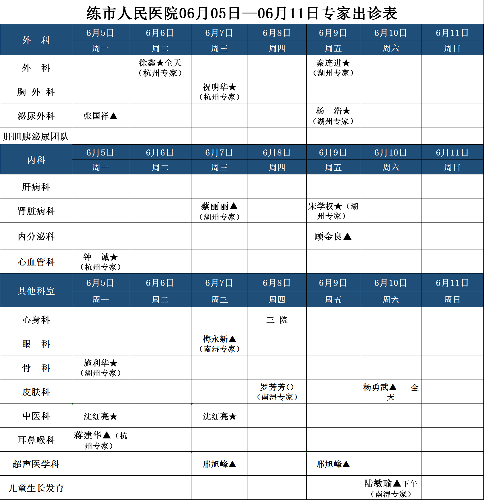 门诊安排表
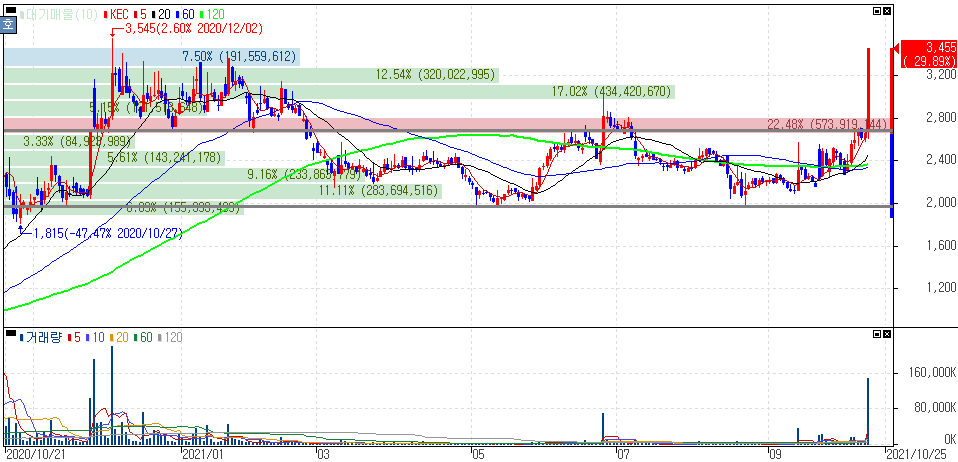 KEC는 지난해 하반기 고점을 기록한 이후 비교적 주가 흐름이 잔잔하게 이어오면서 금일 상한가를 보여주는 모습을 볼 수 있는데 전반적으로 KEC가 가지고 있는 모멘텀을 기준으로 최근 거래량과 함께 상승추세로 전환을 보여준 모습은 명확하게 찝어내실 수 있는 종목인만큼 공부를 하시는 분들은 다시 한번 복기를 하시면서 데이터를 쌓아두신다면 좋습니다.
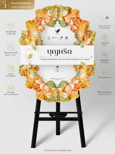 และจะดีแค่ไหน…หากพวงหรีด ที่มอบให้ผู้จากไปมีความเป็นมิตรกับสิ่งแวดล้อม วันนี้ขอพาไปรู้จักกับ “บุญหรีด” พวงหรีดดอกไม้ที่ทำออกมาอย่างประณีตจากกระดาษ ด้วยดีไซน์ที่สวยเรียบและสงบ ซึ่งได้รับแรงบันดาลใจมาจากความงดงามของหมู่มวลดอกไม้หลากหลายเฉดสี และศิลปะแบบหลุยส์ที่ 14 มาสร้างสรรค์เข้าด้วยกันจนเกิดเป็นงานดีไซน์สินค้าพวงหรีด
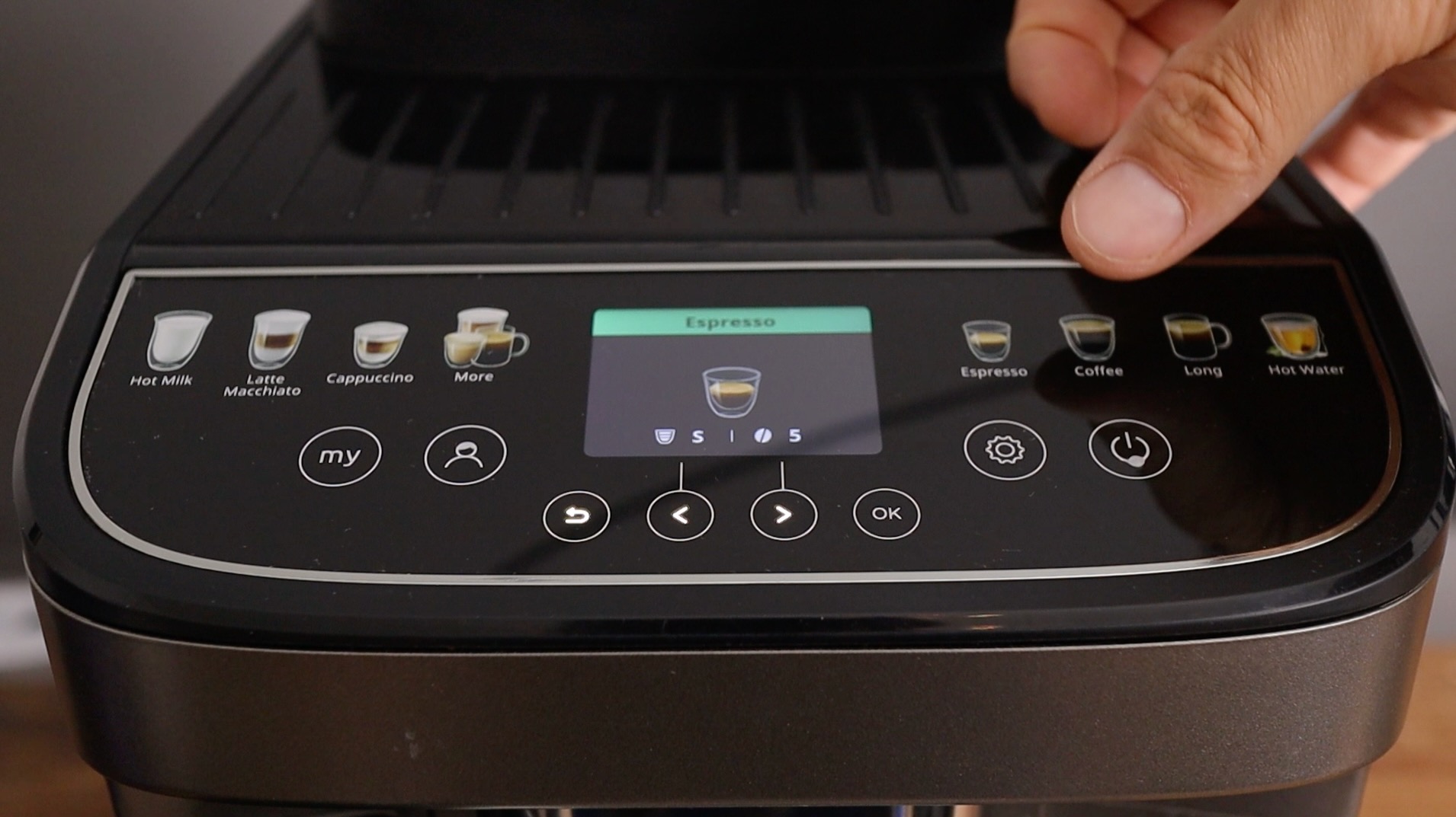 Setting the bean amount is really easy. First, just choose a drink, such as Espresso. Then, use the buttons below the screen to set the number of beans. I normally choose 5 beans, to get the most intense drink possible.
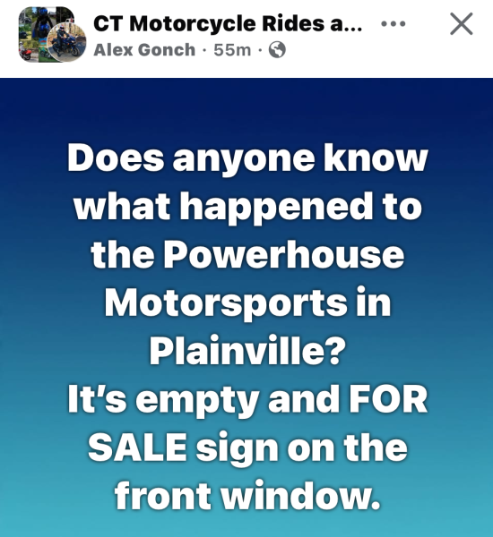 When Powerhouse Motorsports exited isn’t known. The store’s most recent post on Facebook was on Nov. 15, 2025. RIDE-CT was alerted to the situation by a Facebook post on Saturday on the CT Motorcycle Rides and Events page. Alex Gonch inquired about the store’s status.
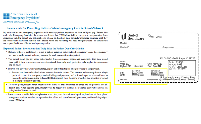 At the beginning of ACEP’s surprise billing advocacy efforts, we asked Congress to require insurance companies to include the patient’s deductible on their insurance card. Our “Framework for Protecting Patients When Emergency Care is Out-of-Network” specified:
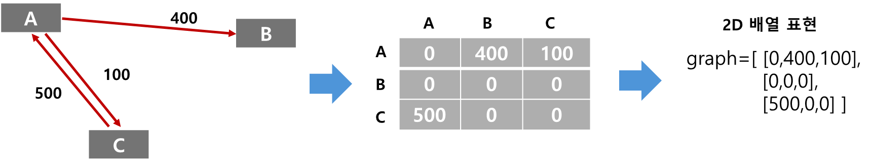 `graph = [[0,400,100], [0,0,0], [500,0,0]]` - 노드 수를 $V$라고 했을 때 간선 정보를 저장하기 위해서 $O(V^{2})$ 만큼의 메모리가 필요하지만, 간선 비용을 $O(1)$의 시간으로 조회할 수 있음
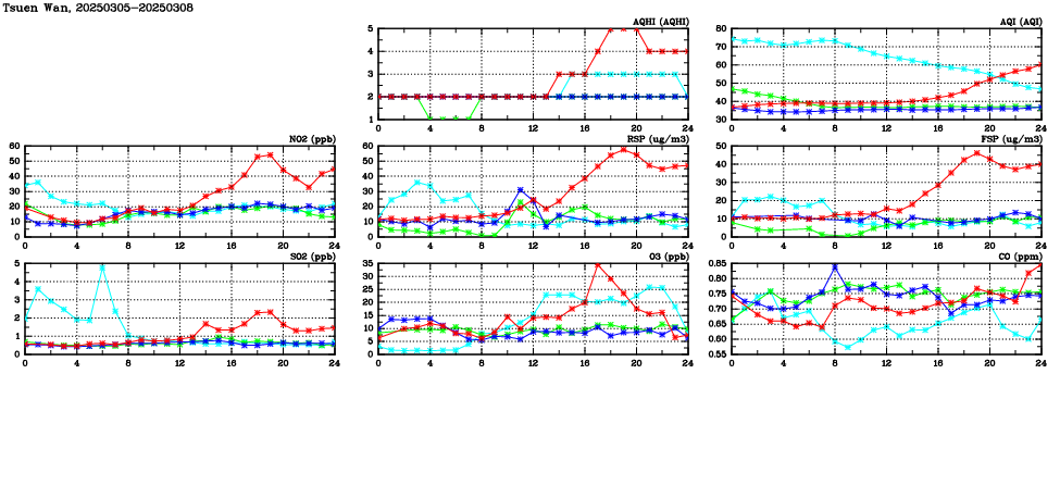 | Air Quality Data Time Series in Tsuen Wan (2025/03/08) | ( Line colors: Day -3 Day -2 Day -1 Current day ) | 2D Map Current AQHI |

- - - - -

» **WHAT IS EXPECTED**: Exact repeats of the lines from the first one in the data through the line containing "KEC는 지난해 하반기" make up the answer. Pictures do not.

» **SOLVED EXERCISE**:
 门诊安排表
 KEC는 지난해 하반기 고점을 기록한 이후 비교적 주가 흐름이 잔잔하게 이어오면서 금일 상한가를 보여주는 모습을 볼 수 있는데 전반적으로 KEC가 가지고 있는 모멘텀을 기준으로 최근 거래량과 함께 상승추세로 전환을 보여준 모습은 명확하게 찝어내실 수 있는 종목인만큼 공부를 하시는 분들은 다시 한번 복기를 하시면서 데이터를 쌓아두신다면 좋습니다.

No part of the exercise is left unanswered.